Sunday, January 09, 2005

Brzezinski on what it would take to "win" in Iraq

The New York Times > Opinion > Maureen Dowd: Defining Victory Down
Mr. Scowcroft appeared at the New America Foundation with Zbigniew Brzezinski, Jimmy Carter's national security adviser, who declared the Iraq war a moral, political and military failure. If we can't send 500,000 troops, spend $500 billion and agree to resume the draft, then the conflict should be 'terminated,' he said, adding that far from the Jeffersonian democracy Mr. Bush extols, the most we can hope for is a Shiite-controlled theocracy.

The Iraqi election that was meant to be the solution to the problem - like the installation of a new Iraqi government and the transfer of sovereignty and all the other steps that were supposed to make things better - may actually be making things worse. The election is going to expand the control of the Shiite theocrats, even beyond what their numbers would entitle them to have, because of the way the Bush team has set it up and the danger that if you're a Sunni, the vote you cast may be your last.

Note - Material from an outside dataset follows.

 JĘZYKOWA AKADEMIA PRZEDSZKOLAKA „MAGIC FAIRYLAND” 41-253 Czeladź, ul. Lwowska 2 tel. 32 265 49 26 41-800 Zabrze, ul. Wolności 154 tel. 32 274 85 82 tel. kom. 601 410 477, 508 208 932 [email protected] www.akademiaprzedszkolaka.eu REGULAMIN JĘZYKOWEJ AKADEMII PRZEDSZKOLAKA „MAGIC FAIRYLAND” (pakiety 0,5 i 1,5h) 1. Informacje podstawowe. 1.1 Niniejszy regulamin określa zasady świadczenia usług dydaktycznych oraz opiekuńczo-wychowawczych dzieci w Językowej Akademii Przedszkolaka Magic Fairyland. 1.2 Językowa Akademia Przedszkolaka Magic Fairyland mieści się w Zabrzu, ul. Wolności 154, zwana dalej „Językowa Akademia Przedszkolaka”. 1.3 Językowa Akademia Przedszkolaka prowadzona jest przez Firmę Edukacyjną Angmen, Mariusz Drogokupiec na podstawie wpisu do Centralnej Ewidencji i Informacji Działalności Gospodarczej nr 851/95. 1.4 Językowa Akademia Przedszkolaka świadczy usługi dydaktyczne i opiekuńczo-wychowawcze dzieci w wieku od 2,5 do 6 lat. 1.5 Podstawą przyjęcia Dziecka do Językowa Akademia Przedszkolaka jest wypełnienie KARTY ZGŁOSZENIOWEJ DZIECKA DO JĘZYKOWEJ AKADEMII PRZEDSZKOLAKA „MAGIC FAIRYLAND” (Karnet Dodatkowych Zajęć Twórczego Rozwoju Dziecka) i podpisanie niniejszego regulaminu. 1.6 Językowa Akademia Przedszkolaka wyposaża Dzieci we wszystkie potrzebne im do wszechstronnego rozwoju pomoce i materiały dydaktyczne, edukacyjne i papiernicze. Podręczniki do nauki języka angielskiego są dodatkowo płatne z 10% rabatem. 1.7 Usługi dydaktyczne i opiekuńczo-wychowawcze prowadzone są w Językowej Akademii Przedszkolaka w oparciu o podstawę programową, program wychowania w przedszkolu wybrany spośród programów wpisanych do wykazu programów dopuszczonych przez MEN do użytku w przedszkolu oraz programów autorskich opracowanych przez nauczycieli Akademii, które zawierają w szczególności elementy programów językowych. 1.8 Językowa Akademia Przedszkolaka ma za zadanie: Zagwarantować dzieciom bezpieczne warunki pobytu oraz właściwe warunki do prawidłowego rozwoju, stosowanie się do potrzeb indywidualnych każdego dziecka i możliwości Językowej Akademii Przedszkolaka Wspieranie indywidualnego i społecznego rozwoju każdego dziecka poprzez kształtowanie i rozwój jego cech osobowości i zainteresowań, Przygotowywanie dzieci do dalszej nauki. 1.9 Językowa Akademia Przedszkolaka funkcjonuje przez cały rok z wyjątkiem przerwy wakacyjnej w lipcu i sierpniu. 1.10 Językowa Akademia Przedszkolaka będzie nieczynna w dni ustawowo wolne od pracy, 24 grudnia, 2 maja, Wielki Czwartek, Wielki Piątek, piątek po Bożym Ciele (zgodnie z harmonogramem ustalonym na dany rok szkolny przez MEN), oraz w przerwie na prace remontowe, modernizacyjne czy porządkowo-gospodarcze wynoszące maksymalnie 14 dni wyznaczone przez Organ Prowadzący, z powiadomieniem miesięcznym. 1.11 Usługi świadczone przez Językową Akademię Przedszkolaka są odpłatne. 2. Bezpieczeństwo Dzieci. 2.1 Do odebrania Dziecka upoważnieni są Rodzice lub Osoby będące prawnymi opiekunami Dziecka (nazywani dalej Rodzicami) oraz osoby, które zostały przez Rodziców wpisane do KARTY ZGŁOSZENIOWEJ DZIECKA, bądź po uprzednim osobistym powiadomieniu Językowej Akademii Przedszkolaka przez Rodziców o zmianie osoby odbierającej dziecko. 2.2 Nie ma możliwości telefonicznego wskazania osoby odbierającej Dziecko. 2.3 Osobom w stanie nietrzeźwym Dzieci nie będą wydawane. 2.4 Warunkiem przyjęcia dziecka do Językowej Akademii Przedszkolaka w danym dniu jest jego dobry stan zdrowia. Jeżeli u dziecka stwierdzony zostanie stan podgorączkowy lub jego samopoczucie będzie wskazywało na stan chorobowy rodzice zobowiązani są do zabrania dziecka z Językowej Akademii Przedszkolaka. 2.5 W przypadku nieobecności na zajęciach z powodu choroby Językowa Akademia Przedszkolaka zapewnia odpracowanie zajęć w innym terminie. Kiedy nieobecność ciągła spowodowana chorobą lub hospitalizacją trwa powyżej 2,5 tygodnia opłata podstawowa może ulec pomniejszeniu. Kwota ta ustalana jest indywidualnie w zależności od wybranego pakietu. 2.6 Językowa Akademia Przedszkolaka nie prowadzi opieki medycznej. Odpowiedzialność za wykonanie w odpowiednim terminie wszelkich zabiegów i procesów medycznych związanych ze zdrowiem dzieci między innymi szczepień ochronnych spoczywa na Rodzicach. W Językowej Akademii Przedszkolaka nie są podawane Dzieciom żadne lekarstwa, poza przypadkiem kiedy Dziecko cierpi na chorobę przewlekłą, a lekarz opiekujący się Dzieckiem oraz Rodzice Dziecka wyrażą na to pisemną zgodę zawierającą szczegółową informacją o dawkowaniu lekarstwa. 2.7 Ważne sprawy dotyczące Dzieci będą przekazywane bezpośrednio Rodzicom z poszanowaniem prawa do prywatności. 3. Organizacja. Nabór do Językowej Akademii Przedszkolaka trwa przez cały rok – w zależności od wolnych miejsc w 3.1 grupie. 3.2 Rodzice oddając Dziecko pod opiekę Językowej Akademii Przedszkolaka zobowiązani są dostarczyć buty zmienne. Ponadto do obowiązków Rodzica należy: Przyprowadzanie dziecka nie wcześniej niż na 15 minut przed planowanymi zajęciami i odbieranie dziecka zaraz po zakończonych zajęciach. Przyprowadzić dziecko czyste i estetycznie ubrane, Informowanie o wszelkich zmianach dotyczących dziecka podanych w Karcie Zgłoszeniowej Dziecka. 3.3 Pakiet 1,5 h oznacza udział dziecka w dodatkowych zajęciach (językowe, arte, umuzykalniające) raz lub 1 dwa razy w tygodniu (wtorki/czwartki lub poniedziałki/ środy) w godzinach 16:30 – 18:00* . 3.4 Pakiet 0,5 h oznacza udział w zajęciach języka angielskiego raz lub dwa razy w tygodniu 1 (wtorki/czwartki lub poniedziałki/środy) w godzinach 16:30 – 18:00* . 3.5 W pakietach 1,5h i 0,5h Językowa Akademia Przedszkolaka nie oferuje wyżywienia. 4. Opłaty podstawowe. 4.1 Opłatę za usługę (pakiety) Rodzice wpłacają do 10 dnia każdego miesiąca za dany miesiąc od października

In the entire history of the United States, has any president made a greater mistake? No, not the invasion of Iraq. Bushe's mistakes are the people he trusts, his rejection of contrary council, and a fundamental belief that his will is somehow favored by God. It is those things that led to the failure to secure the occupation, and now has made "winning" extraordinarily unlikely.

My only consolation is that Kerry would have had the same choice. Either admit defeat, or renew the draft.